What is needed is an exact reproduction of the lines in the records below, starting at the line with "Select ‘Standard’ and" and ending at the line with "MÉXICO, D.F., 21AGOSTO2012.- Felipe", both included, and nothing else; pictures stay out.

Input records
○ ○ ○ ○ ○ ○ ○

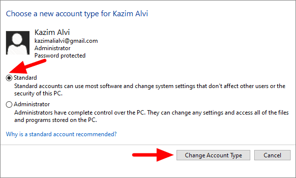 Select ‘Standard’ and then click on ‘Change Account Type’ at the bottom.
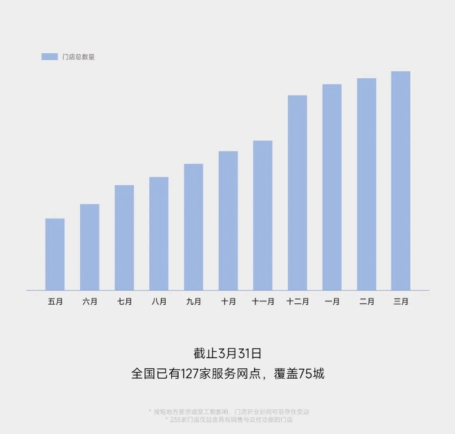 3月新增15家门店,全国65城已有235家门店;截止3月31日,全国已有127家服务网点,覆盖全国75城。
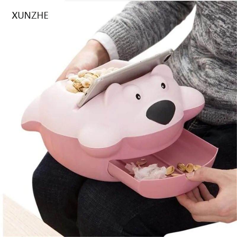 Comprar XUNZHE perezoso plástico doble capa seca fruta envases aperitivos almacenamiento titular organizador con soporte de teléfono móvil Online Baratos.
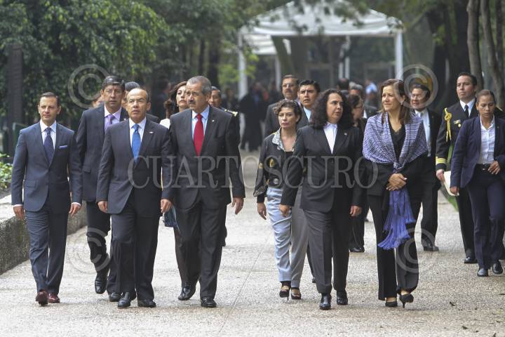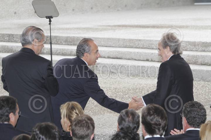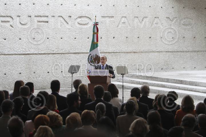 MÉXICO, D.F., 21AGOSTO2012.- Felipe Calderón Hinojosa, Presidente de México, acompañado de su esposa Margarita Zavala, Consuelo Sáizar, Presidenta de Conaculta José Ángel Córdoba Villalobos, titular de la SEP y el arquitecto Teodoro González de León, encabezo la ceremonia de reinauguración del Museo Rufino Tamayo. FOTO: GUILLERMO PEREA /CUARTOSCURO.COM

○ ○ ○ ○ ○ ○ ○

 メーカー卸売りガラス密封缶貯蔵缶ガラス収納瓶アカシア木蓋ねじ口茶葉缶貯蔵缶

○ ○ ○ ○ ○ ○ ○

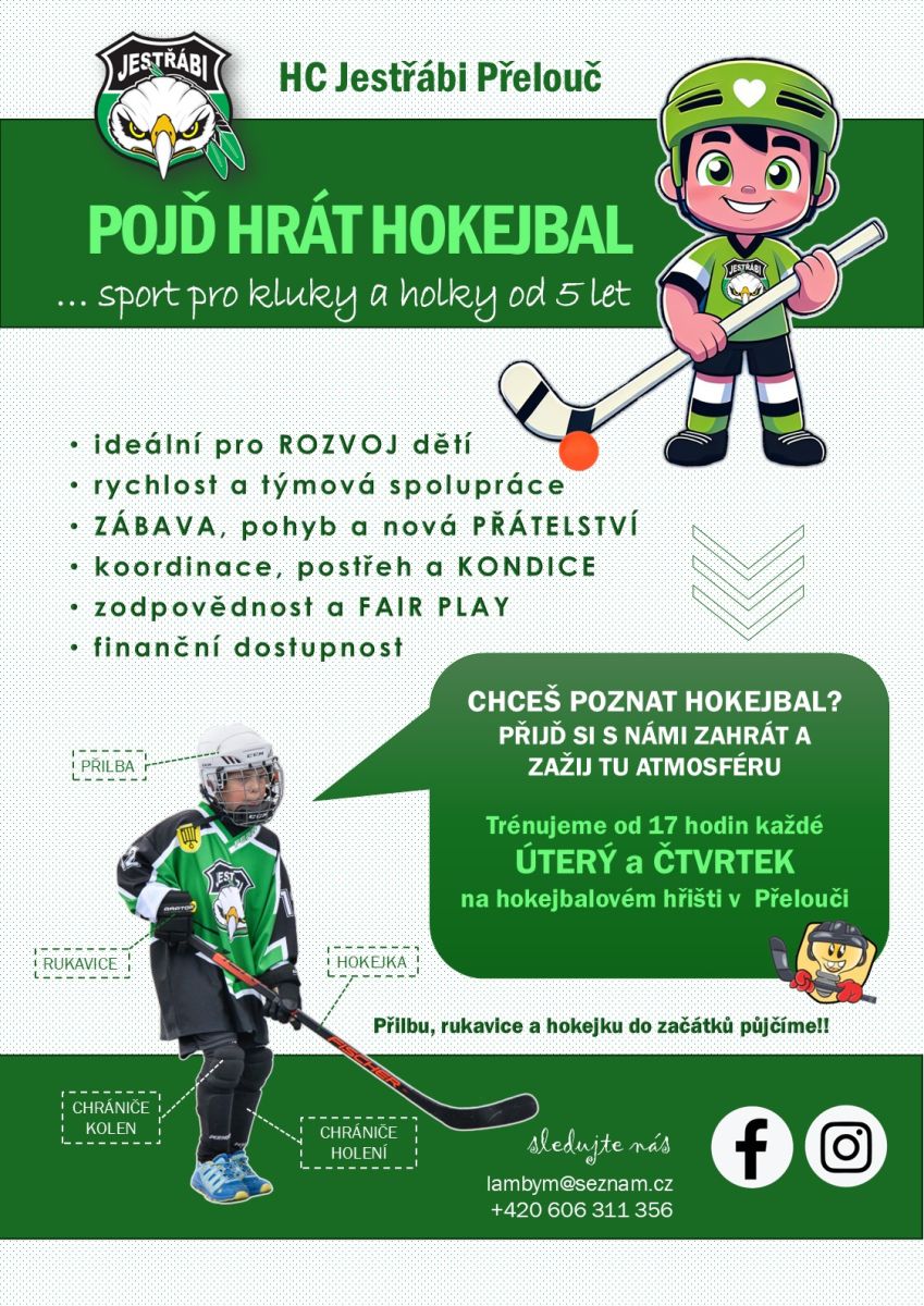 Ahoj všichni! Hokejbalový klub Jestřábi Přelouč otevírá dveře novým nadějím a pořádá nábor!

○ ○ ○ ○ ○ ○ ○

Response area
 Select ‘Standard’ and then click on ‘Change Account Type’ at the bottom.
 3月新增15家门店,全国65城已有235家门店;截止3月31日,全国已有127家服务网点,覆盖全国75城。
 Comprar XUNZHE perezoso plástico doble capa seca fruta envases aperitivos almacenamiento titular organizador con soporte de teléfono móvil Online Baratos.
 MÉXICO, D.F., 21AGOSTO2012.- Felipe Calderón Hinojosa, Presidente de México, acompañado de su esposa Margarita Zavala, Consuelo Sáizar, Presidenta de Conaculta José Ángel Córdoba Villalobos, titular de la SEP y el arquitecto Teodoro González de León, encabezo la ceremonia de reinauguración del Museo Rufino Tamayo. FOTO: GUILLERMO PEREA /CUARTOSCURO.COM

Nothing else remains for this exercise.